Python implements Microsoft Office automation¶

Years ago, Microsoft made COM components for Windows software, including Microsoft Office, to make it easy to call its apis for automation.

Pywin32 is one such library that allows you to do many interesting things on Windows, including calling COM apis.

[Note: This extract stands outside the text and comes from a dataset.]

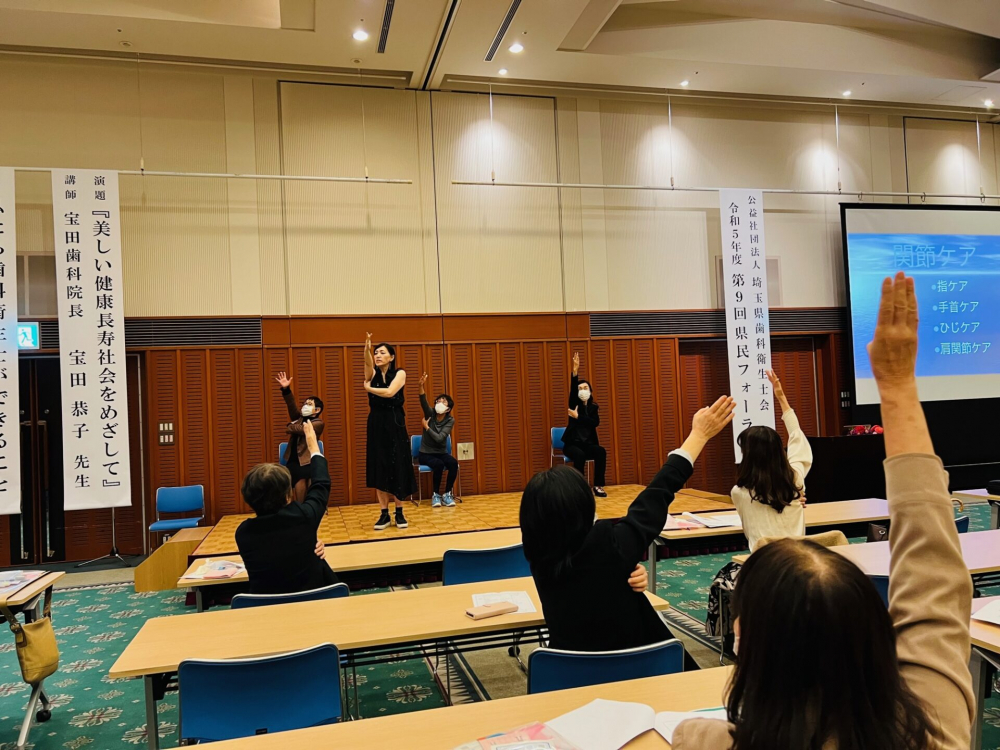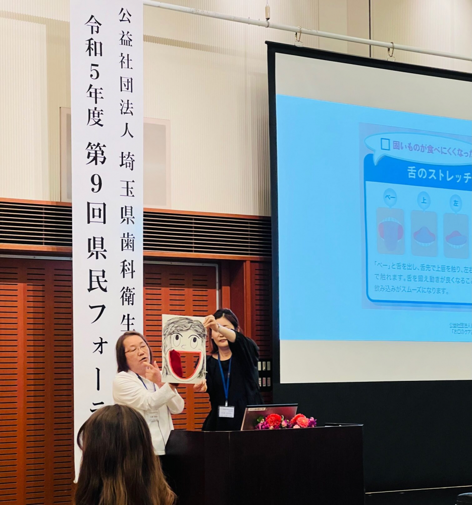 会場の皆さんと一緒にお口の運動を行なったりして、お口の機能の維持の重要性を強調されていました。また、セルフケアとプロフェッショナルケアに加えて、パブリックヘルスケアの重要性についても言及され、この三つのケアが重なってこそ、元気なお口の健康へと繋がるということを話されました。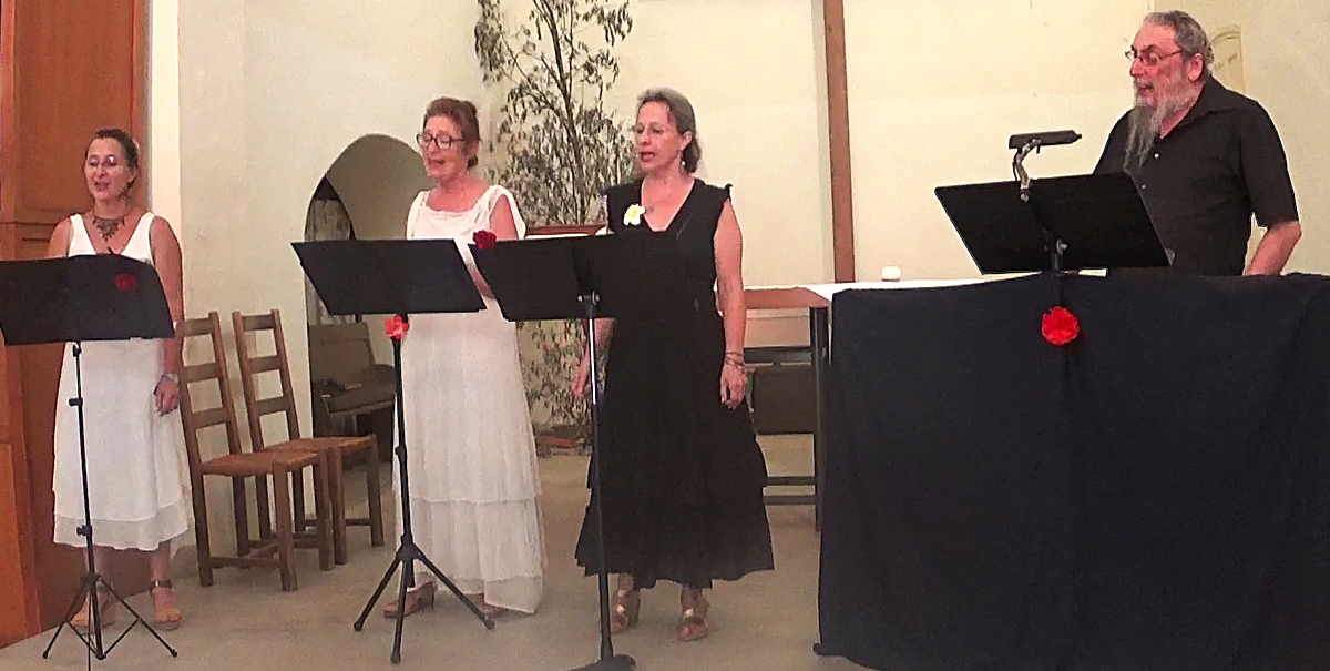 Concert du Quatuor Éphémère, composé de trois chanteuses, dont Isabelle Finck qui les dirige, et d’un pianiste accompagnateur, également chanteur et arrangeur, Jean-Paul Finck.

For example, to open your powerpoint and draw a circle, you can do this:

In [17]:

import win32com.client

# Open PowerPoint
Application = win32com.client.Dispatch("PowerPoint.Application")

# Add a presentation
Presentation = Application.Presentations.Add()

# Add a slide with a blank layout (12 stands for blank layout)
Base = Presentation.Slides.Add(1, 12)

# Add an oval. Shape 9 is an oval.
oval = Base.Shapes.AddShape(9, 100, 100, 100, 100)
Copy the code

Out[4]:

You’ll have to try this out to see the result, but just FYI, this will open a new PowerPoint window and add a slide with a circle in it.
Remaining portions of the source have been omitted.